The village of Kurort Baunt, where there are some hot springs, is located on the southwestern shore of the lake, at the foot of Mt Bolshoy Khapton, near the confluence of the Upper Tsipa, and the village of Baunt is on the northeastern shore. At a headland named Cape Tryokhstanka there are ancient petroglyphs. The lake is a protected area since 1988. Its environment provides a habitat for a number of fish and bird species, as well as the crustacean Asellus aquaticus.
==Geography==
The lake has a roughly triangular shape. It stretches in a southwest-northeast direction parallel to the main ridge of the Southern Muya Range to the north and the Baunt Basin, with the Maly Khapton and Babanty Range, two ranges of the Vitim Plateau, to the south. The Ikat Range rises to the west and the Kapylyushi lakes lie to the southwest. The Upper Tsipa enters the lake at the SW shore through two arms. The Tsipikan flows from the east into the lake and further to the east lies lake Busani. The lower Tsipa river flows out of the lake from the northeast.

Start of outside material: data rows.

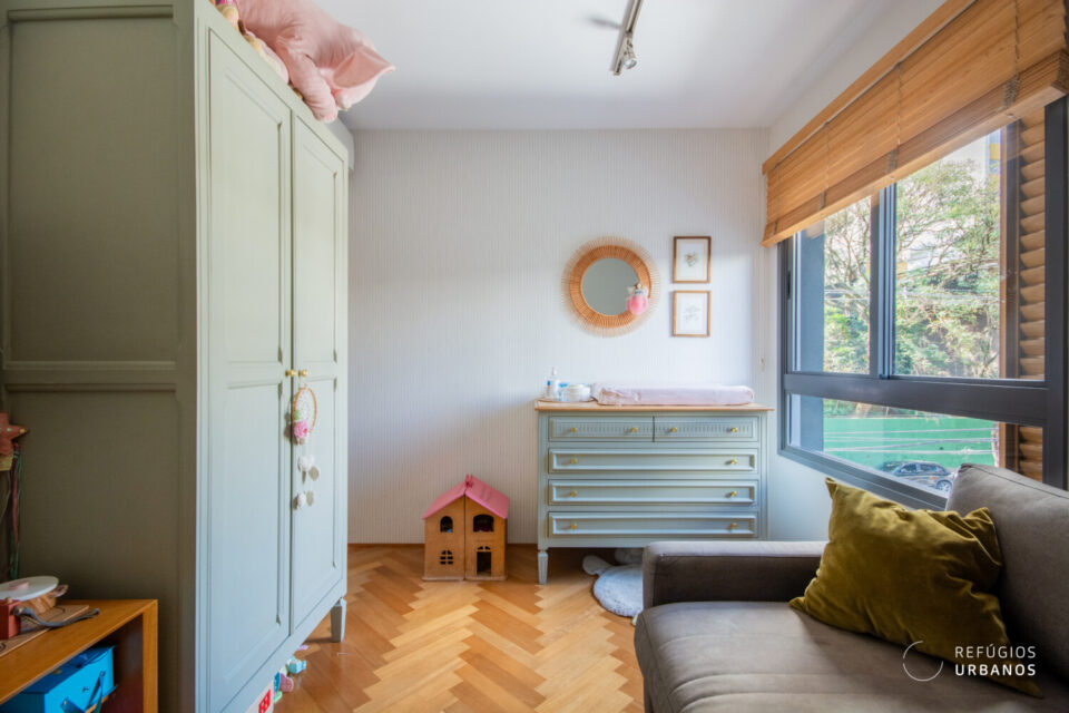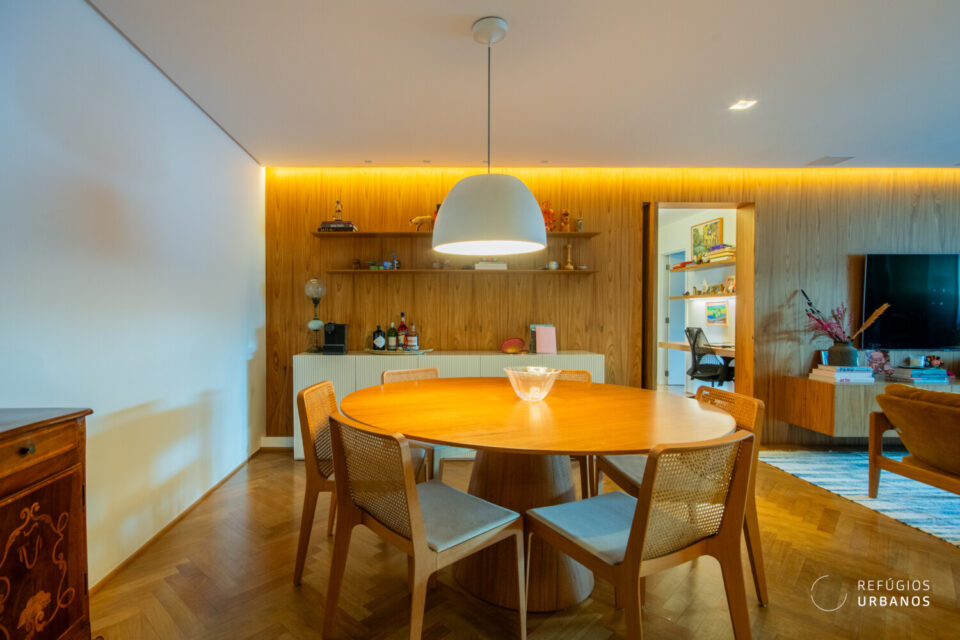 Além disso, o piso de madeira segue um padrão igualmente clássico e sofisticado de escama de peixe, que traz ainda mais personalidade aos ambientes.
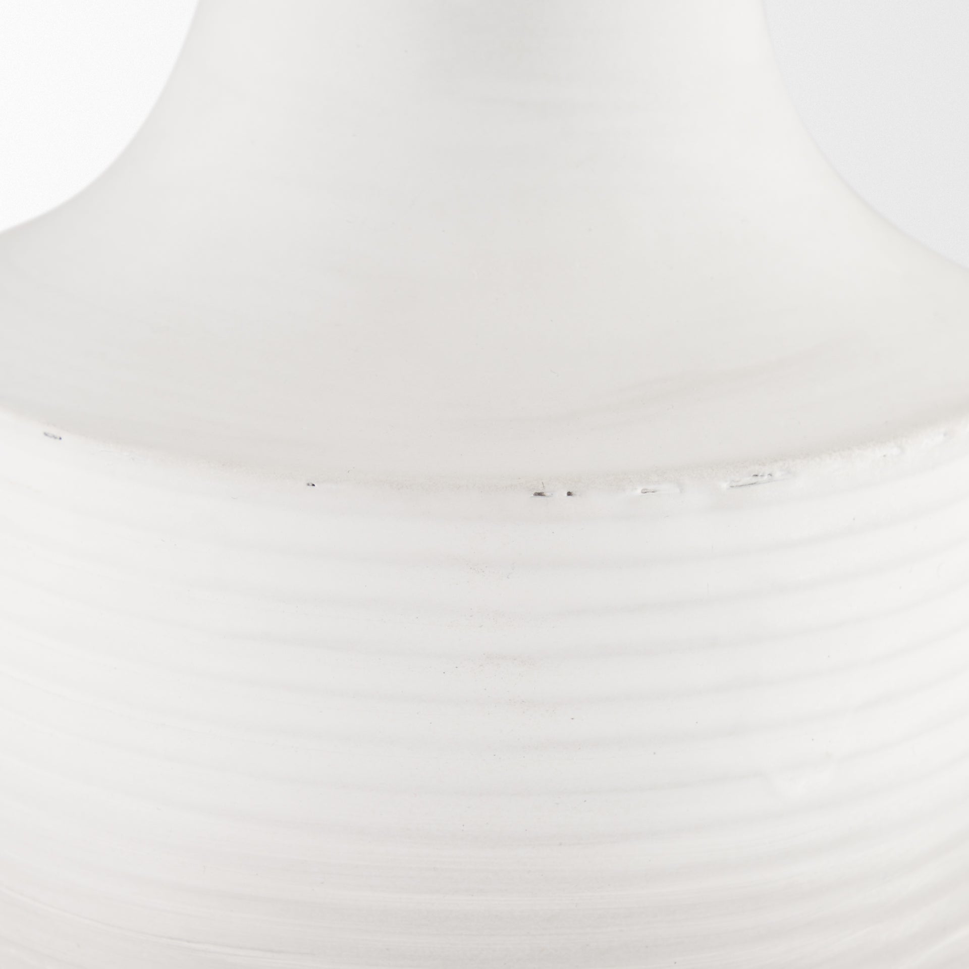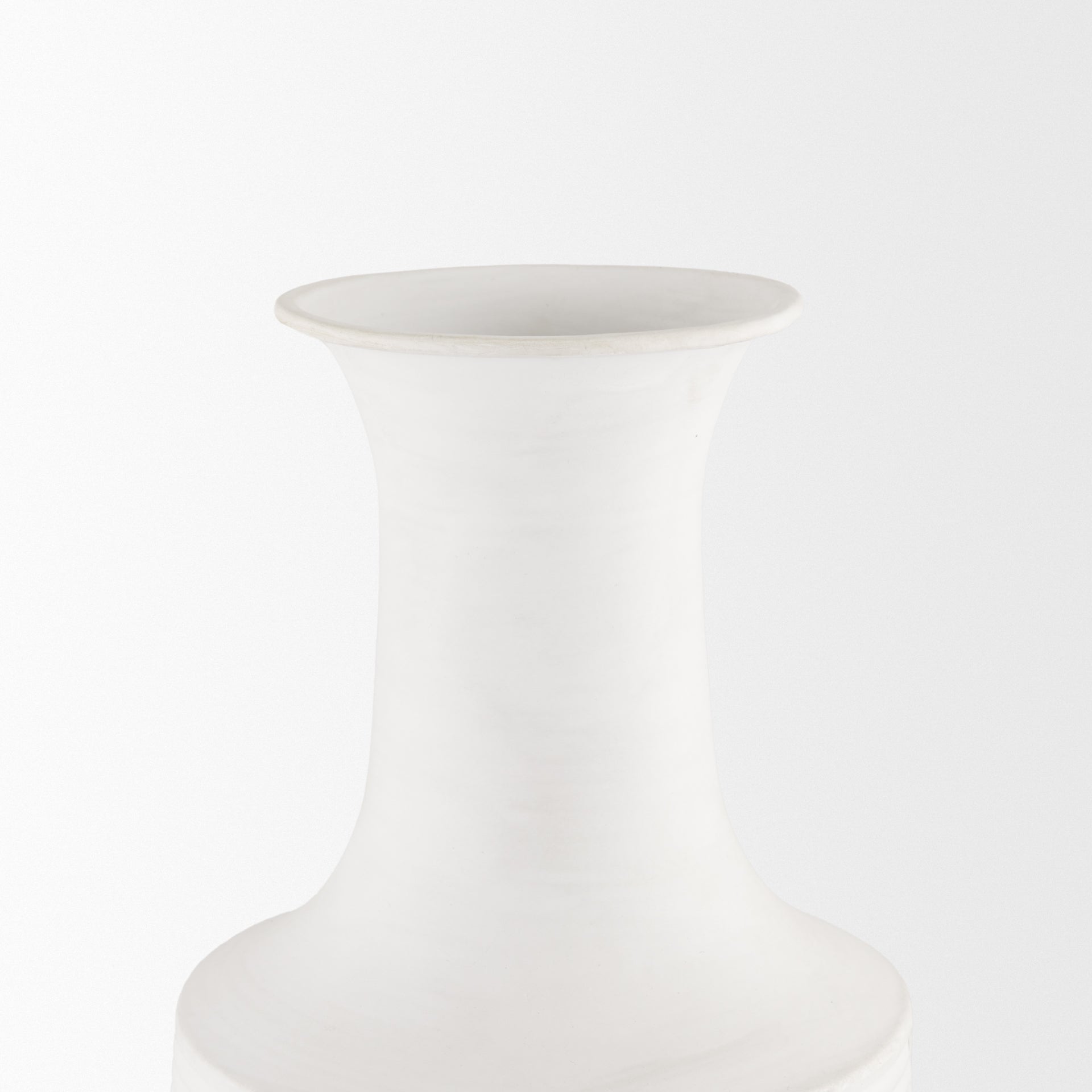 Toru is an embossed metal vase with a white-to-gray ombre finish.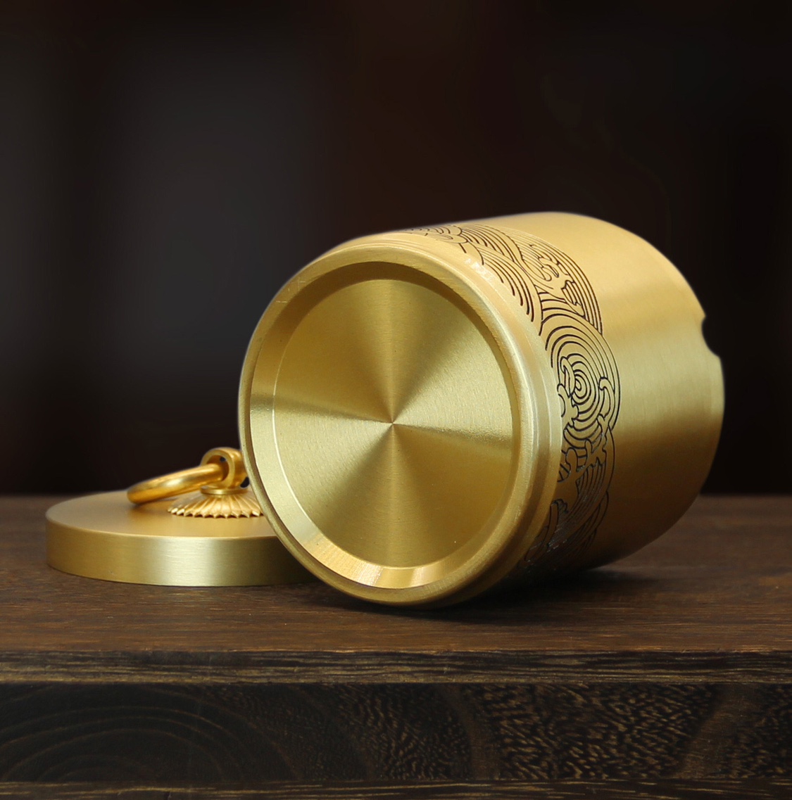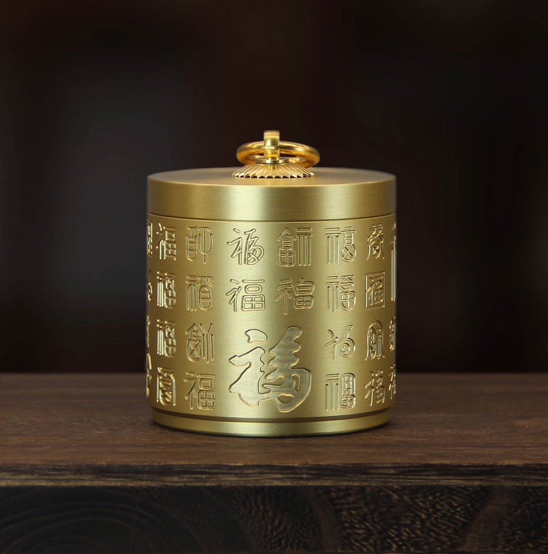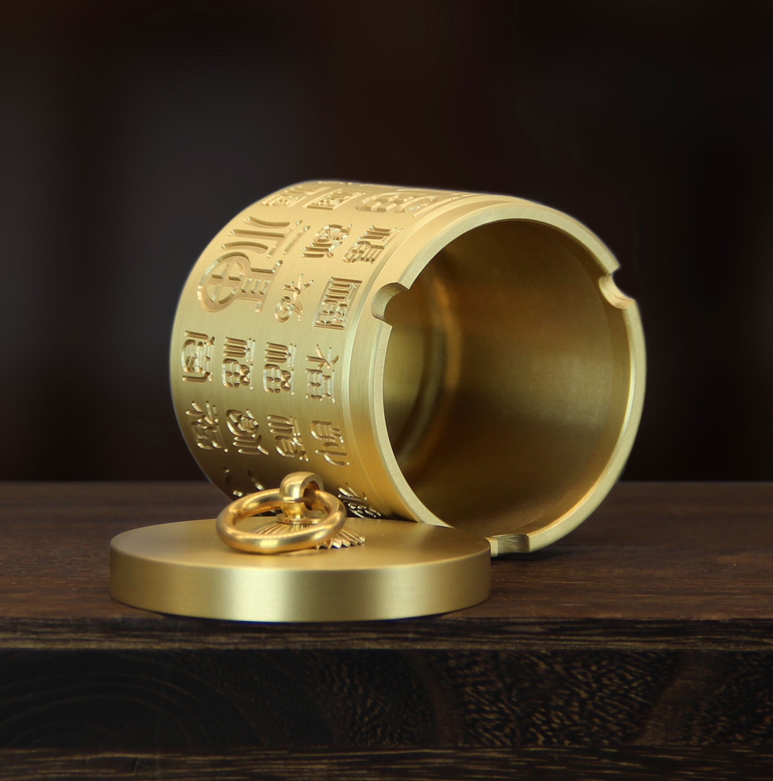 黄铜车载烟灰缸车用家居办公室摆件祥云带盖烟灰缸中式全铜摆件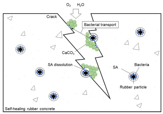 The test results have proved that the self-healing concrete using rubber particles to immobilize bacterial spores can produce precipitations in the cracks to repair them. The working mechanism of the self-healing rubber concrete is displayed in Figure 12. When the concrete was not cracked, the bacterial spores were dormant in the pores of the rubber particles, which were coated by SA. After the cracks appeared on the surface of the concrete, the oxygen and water in the external environment can enter into the concrete through the cracks. The SA, coated on the rubber particles on the surfaces of the cracks, was dissolved slowly by the water and the bacterial spores were released from the rubber particles. These bacterial spores were activated by the oxygen and water in the cracks and began to grow, using the nutrients in the concrete. Then, calcite precipitation was produced by the bacterial cells in the cracks and sealed the cracks gradually. In this process, some bacterial cells can be transported with the water flow to locations with no bacterial carriers to produce crystals in the cracks.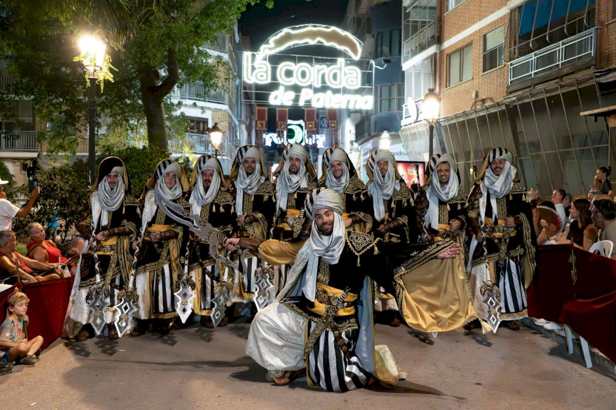 De este modo, el sábado, 23 de agosto, se celebró la Gran Nit Mora, con el paso de las 13 comparsas encabezadas por la Capitanía de Abbasies, fundada en el año 1989, y cuyas filaes avanzaron con majestuosidad por las calles de Paterna con Javier Roig en el puesto de Capitán y Raquel de la Montaña como abanderada.

The northwestern shore, as well as part of the southern shore of the lake, is abrupt and rocky with up to 1400 m high mountains towering above it. On the other hand, the shores to the southwest and east are low and marshy, with many small lakes and bogs. The lake freezes between late October or early November to May or early June. The ice in the central area may reach a thickness of 1.9 m.